*Task item:*
Where a picture occurs in the data, omit it, and copy all remaining data exactly.

*Provided material:*
::::::

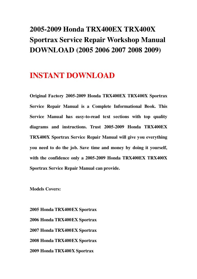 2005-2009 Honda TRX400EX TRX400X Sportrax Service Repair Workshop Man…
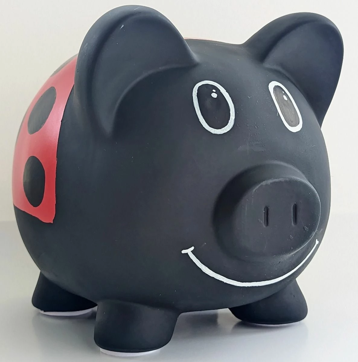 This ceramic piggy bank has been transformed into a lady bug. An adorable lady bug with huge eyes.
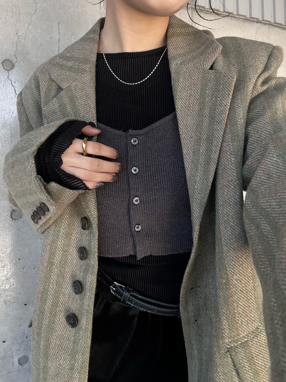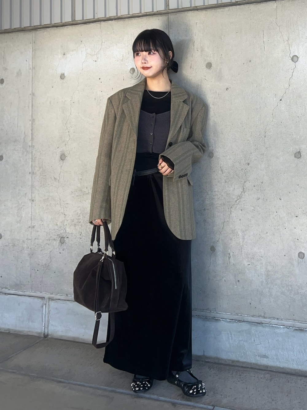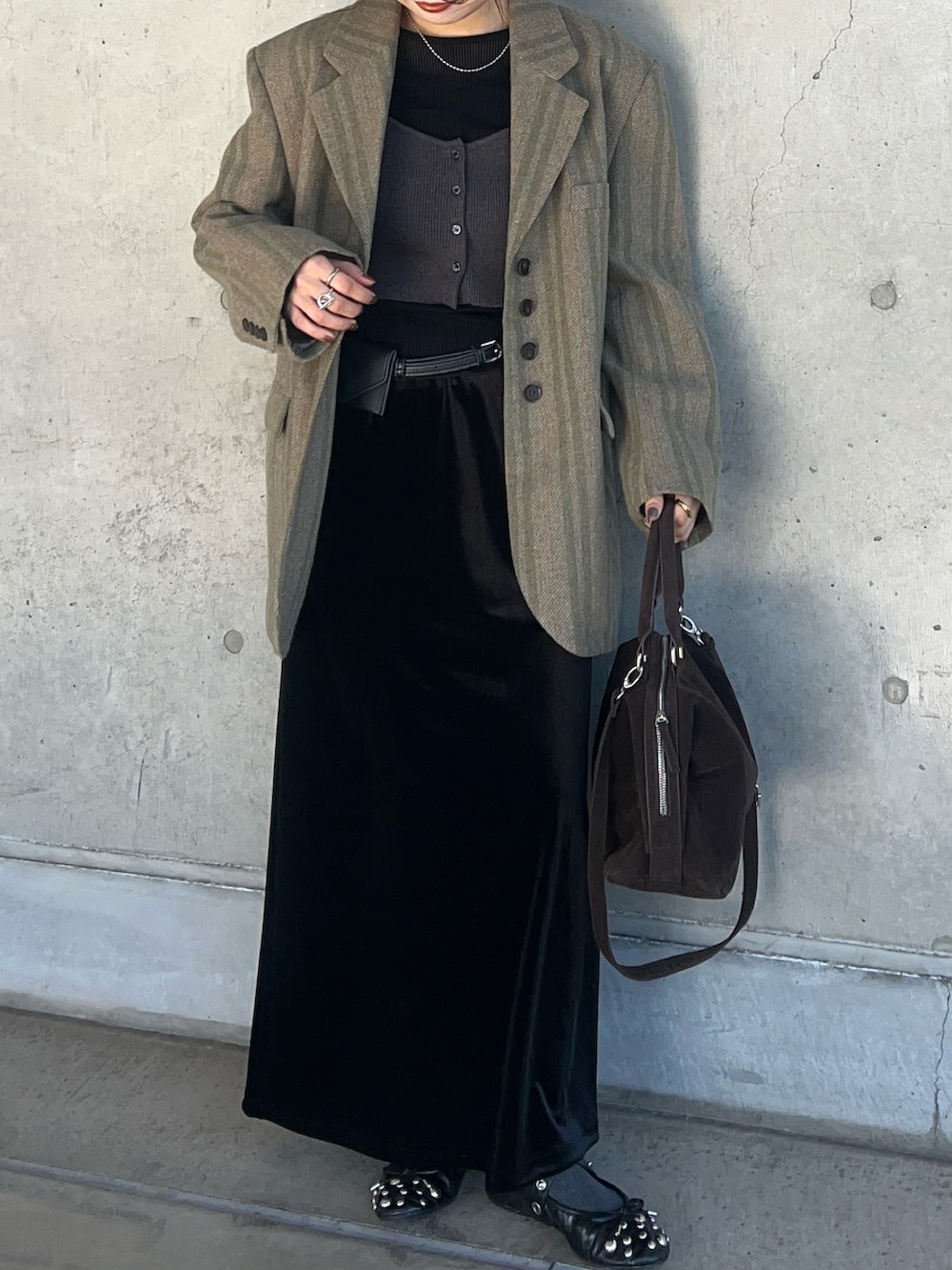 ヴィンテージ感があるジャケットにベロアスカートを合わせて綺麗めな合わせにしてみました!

::::::

*Written answer:*
 2005-2009 Honda TRX400EX TRX400X Sportrax Service Repair Workshop Man…
 This ceramic piggy bank has been transformed into a lady bug. An adorable lady bug with huge eyes.
 ヴィンテージ感があるジャケットにベロアスカートを合わせて綺麗めな合わせにしてみました!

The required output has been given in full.